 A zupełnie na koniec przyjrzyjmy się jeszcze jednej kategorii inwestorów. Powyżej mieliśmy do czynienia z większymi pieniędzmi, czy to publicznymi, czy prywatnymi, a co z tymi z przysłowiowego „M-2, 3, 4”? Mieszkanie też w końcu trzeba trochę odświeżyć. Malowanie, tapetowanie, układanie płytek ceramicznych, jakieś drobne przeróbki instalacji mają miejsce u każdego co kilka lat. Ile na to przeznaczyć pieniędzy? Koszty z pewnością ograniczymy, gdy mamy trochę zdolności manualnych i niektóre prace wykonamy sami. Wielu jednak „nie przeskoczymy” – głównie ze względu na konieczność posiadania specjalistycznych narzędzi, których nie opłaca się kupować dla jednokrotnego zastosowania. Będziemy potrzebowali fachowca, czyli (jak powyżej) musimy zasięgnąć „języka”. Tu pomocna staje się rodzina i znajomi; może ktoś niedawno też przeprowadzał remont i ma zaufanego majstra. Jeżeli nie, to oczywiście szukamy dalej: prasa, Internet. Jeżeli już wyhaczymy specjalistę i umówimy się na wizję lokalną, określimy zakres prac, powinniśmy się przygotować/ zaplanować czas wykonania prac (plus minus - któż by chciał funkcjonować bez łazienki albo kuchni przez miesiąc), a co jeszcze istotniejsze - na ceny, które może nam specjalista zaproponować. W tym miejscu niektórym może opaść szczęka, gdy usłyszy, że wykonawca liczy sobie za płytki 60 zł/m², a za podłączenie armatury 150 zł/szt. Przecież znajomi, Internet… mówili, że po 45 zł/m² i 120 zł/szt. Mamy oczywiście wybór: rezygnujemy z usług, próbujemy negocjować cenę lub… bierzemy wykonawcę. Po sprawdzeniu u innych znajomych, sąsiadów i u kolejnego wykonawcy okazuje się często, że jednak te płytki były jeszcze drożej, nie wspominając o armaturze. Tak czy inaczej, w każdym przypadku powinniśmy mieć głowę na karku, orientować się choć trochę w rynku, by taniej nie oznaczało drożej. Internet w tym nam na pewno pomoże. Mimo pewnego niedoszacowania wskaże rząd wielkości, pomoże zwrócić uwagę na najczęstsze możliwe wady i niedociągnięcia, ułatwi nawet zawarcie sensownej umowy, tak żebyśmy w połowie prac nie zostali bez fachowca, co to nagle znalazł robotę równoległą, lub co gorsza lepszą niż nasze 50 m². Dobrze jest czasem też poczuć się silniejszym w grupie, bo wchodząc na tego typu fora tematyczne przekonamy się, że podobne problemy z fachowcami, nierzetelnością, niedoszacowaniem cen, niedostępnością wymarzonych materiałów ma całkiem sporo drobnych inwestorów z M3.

+ + +

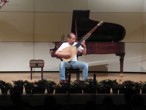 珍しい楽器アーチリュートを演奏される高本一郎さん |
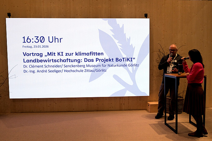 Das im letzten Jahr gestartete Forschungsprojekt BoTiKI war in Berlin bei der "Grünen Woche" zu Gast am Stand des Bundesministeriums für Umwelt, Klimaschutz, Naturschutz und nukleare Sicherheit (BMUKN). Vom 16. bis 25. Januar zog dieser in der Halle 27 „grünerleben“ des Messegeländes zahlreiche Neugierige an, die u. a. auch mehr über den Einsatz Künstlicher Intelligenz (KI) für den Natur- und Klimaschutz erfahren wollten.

+ + +

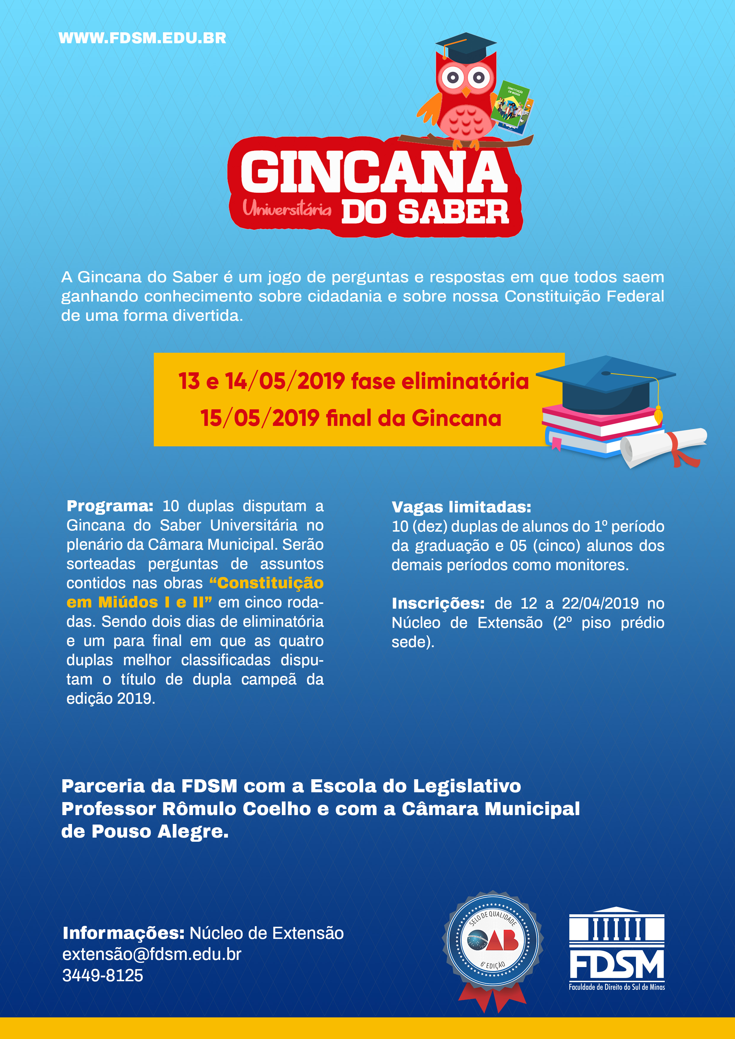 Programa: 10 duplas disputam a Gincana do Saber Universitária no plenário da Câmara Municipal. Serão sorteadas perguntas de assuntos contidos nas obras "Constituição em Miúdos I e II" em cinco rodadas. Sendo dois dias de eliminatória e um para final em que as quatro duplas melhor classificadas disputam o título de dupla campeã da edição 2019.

+ + +

Task description> In the material above, one part opens with the line containing "珍しい楽器アーチリュートを演奏される高本一郎さん |" and closes with the line containing "Das im letzten". Write out that part exactly and skip its pictures.

Response area>
 珍しい楽器アーチリュートを演奏される高本一郎さん |
 Das im letzten Jahr gestartete Forschungsprojekt BoTiKI war in Berlin bei der "Grünen Woche" zu Gast am Stand des Bundesministeriums für Umwelt, Klimaschutz, Naturschutz und nukleare Sicherheit (BMUKN). Vom 16. bis 25. Januar zog dieser in der Halle 27 „grünerleben“ des Messegeländes zahlreiche Neugierige an, die u. a. auch mehr über den Einsatz Künstlicher Intelligenz (KI) für den Natur- und Klimaschutz erfahren wollten.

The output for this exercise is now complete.